:: Task brief ::
In the records below, find the line that contains "3000多平米的大型户外活动" and the line that contains "Seleccionamos el mensaje"; write out exactly those two lines and everything between them, without the pictures.

:: Given entries ::
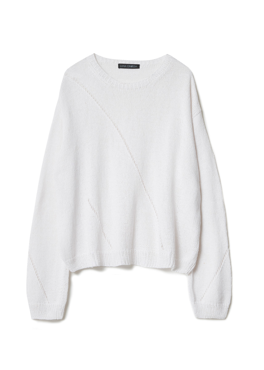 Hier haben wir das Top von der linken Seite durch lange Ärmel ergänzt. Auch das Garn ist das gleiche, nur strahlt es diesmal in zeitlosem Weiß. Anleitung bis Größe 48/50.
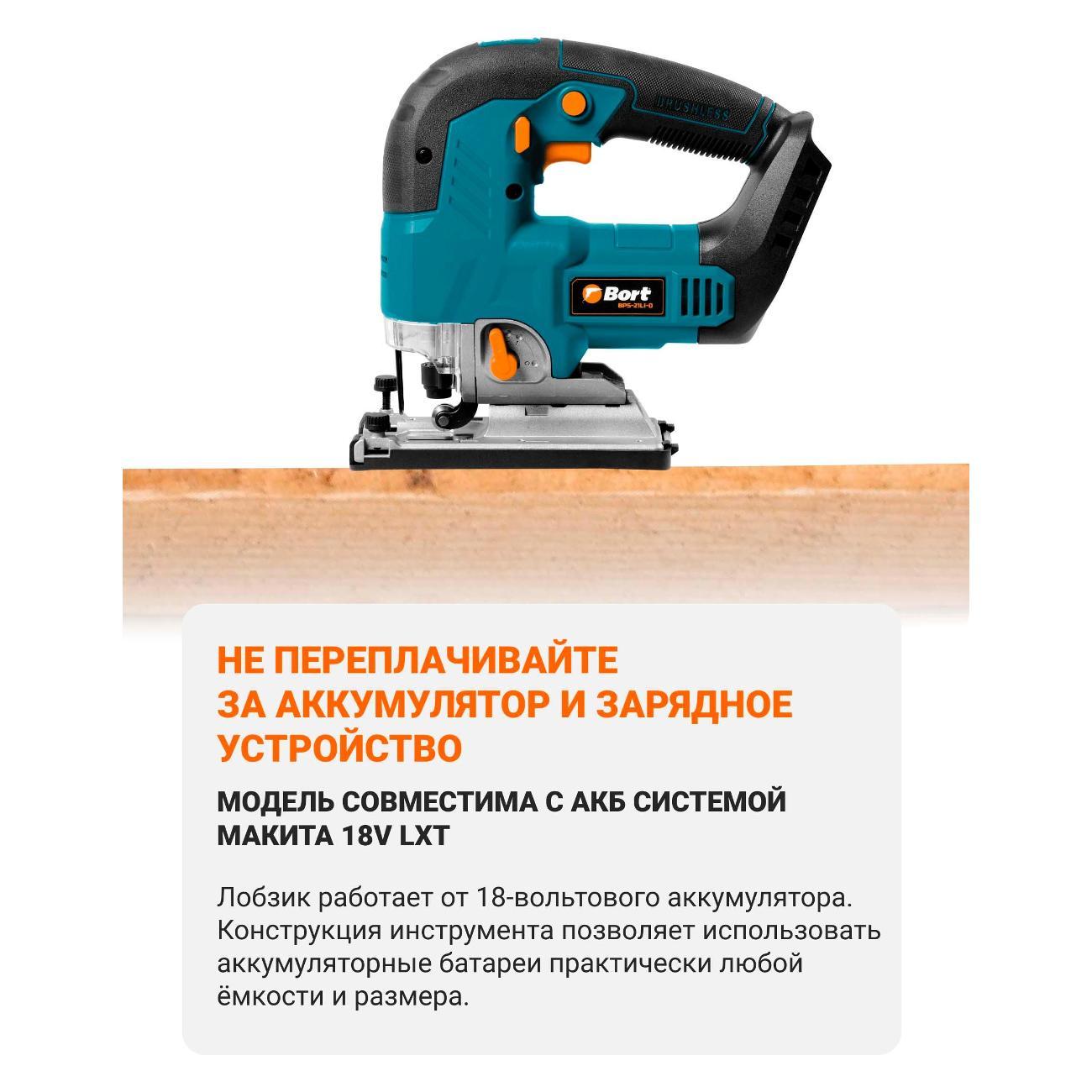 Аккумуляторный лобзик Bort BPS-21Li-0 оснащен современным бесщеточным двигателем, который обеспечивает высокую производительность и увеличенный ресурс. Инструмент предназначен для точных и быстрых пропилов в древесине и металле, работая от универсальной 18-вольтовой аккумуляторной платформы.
==
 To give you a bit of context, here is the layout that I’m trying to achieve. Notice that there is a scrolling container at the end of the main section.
* * *
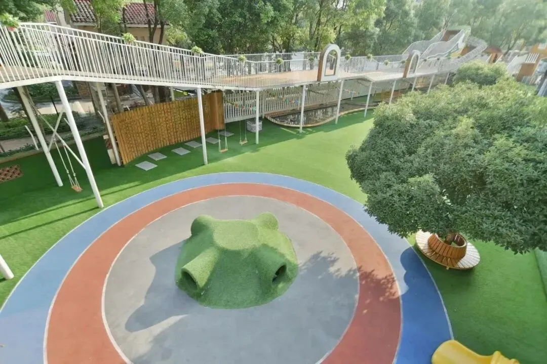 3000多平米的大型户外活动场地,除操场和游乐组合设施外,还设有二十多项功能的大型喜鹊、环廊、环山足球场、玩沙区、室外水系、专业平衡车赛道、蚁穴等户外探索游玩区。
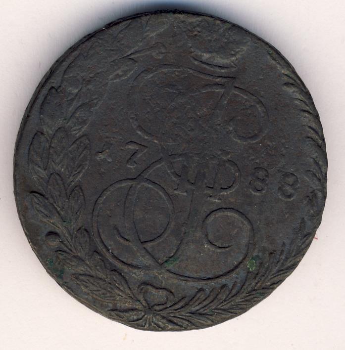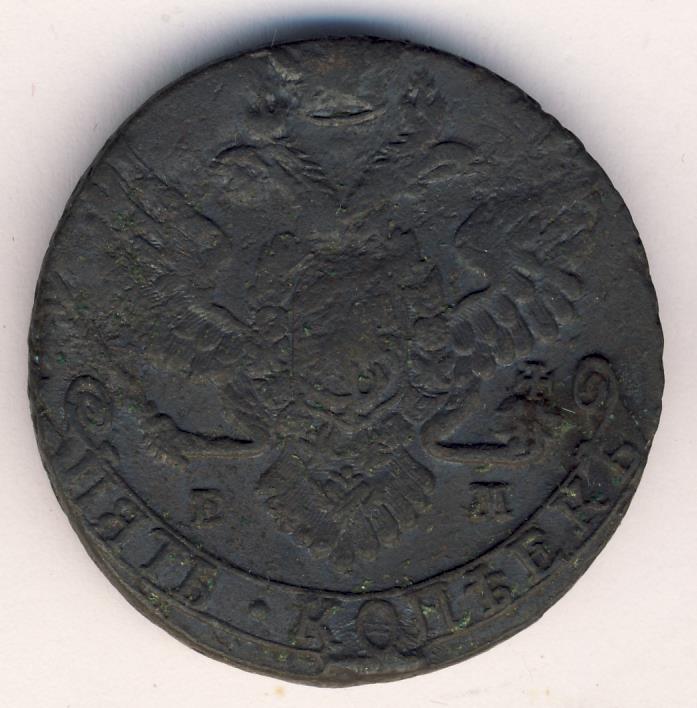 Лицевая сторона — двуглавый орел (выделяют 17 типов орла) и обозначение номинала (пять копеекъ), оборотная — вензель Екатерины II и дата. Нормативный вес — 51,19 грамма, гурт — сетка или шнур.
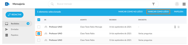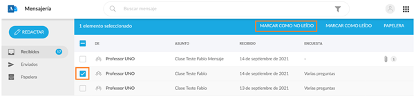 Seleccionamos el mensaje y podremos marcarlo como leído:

:: Task output ::
 3000多平米的大型户外活动场地,除操场和游乐组合设施外,还设有二十多项功能的大型喜鹊、环廊、环山足球场、玩沙区、室外水系、专业平衡车赛道、蚁穴等户外探索游玩区。
 Лицевая сторона — двуглавый орел (выделяют 17 типов орла) и обозначение номинала (пять копеекъ), оборотная — вензель Екатерины II и дата. Нормативный вес — 51,19 грамма, гурт — сетка или шнур.
 Seleccionamos el mensaje y podremos marcarlo como leído:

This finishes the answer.